→ **TASK DETAILS**
Write out the data exactly, please, and omit the pictures.

→ **SUPPLIED INFORMATION**
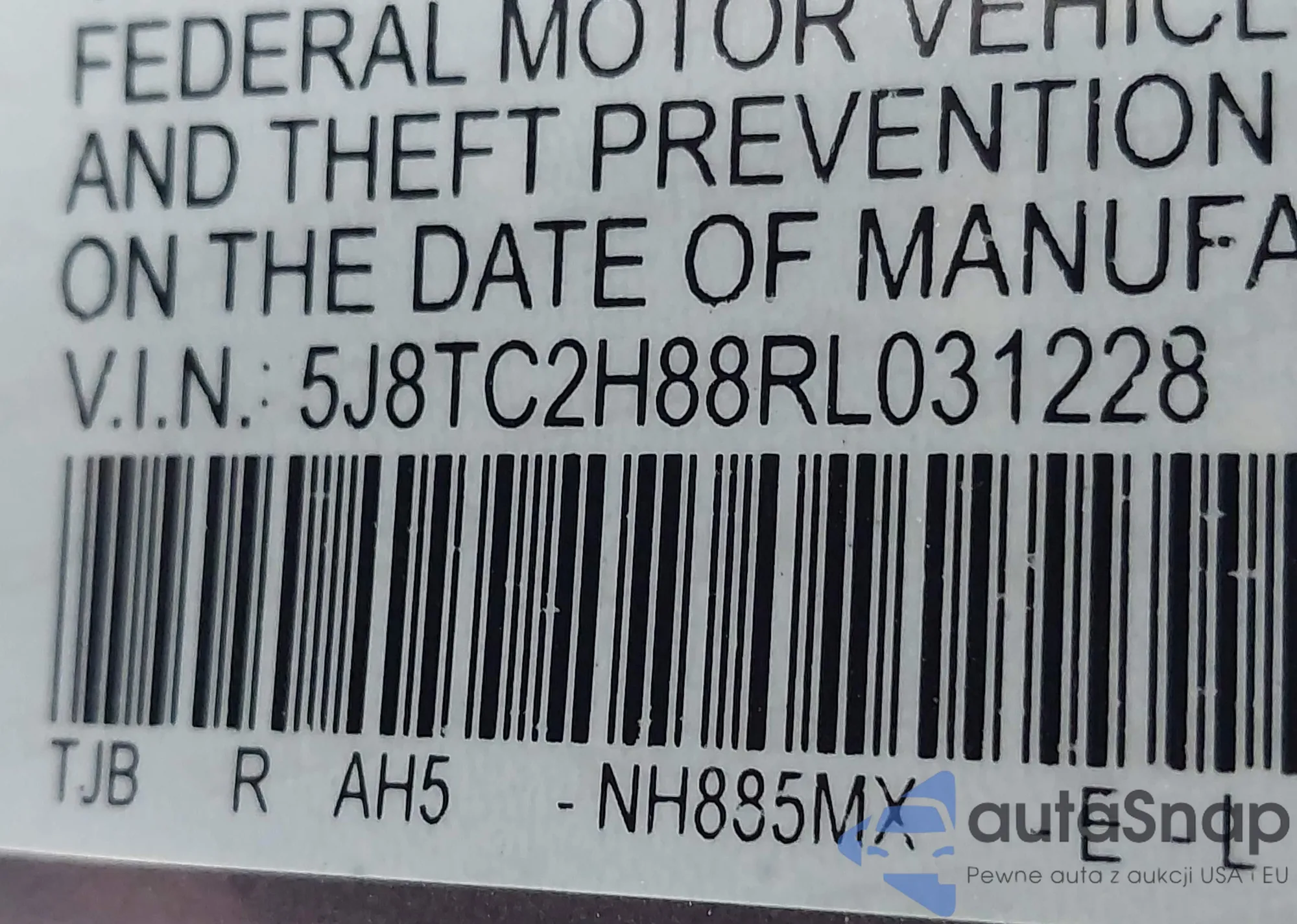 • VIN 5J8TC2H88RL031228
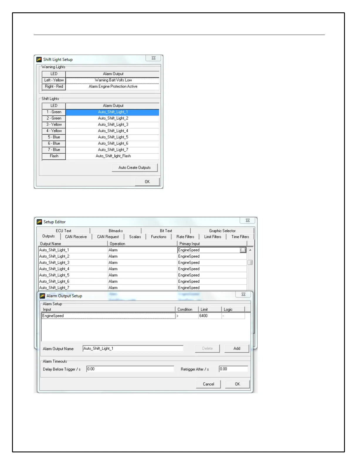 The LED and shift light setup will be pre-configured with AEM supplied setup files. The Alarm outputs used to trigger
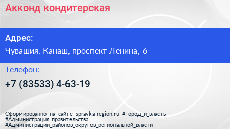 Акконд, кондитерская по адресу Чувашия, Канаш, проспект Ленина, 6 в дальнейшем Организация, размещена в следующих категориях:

→ **WRITTEN RESPONSE**
 • VIN 5J8TC2H88RL031228
 The LED and shift light setup will be pre-configured with AEM supplied setup files. The Alarm outputs used to trigger
 Акконд, кондитерская по адресу Чувашия, Канаш, проспект Ленина, 6 в дальнейшем Организация, размещена в следующих категориях:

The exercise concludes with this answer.